WHAT THE EXERCISE ASKS
Once you reach the line containing "Torebka filcowa mała" in the data below, restate each line word for word up to and including the one containing "表面装饰材料:热狗5根切对半,番茄酱少许".

DATA
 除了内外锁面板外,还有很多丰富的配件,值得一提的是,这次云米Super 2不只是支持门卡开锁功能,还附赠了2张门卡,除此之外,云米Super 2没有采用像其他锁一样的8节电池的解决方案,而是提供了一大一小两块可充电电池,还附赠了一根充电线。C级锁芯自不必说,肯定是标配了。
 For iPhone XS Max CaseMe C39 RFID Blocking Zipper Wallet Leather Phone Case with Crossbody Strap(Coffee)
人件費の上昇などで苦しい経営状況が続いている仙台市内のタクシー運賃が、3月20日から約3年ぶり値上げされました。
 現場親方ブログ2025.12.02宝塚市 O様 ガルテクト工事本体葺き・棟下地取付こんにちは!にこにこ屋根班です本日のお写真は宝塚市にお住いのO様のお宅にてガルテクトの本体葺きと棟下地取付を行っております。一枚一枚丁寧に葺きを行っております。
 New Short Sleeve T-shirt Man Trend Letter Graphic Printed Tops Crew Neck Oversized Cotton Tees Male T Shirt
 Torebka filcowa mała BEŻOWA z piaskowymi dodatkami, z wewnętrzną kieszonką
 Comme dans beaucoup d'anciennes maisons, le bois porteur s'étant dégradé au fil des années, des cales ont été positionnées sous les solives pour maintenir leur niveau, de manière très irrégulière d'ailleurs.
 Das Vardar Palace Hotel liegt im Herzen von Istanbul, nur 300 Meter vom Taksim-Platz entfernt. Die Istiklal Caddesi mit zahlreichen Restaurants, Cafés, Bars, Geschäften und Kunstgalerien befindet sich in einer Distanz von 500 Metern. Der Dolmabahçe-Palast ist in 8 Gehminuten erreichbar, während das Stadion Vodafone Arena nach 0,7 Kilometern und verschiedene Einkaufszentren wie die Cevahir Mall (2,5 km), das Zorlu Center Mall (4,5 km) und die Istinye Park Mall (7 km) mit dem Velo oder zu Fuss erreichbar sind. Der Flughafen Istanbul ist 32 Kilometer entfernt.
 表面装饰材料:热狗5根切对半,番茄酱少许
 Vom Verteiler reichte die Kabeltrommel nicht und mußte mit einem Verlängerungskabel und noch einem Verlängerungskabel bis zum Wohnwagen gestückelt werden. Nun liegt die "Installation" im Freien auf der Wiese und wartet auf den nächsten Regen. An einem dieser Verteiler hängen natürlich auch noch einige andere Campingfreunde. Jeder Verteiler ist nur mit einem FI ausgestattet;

RESULT OF THIS EXERCISE
 Torebka filcowa mała BEŻOWA z piaskowymi dodatkami, z wewnętrzną kieszonką
 Comme dans beaucoup d'anciennes maisons, le bois porteur s'étant dégradé au fil des années, des cales ont été positionnées sous les solives pour maintenir leur niveau, de manière très irrégulière d'ailleurs.
 Das Vardar Palace Hotel liegt im Herzen von Istanbul, nur 300 Meter vom Taksim-Platz entfernt. Die Istiklal Caddesi mit zahlreichen Restaurants, Cafés, Bars, Geschäften und Kunstgalerien befindet sich in einer Distanz von 500 Metern. Der Dolmabahçe-Palast ist in 8 Gehminuten erreichbar, während das Stadion Vodafone Arena nach 0,7 Kilometern und verschiedene Einkaufszentren wie die Cevahir Mall (2,5 km), das Zorlu Center Mall (4,5 km) und die Istinye Park Mall (7 km) mit dem Velo oder zu Fuss erreichbar sind. Der Flughafen Istanbul ist 32 Kilometer entfernt.
 表面装饰材料:热狗5根切对半,番茄酱少许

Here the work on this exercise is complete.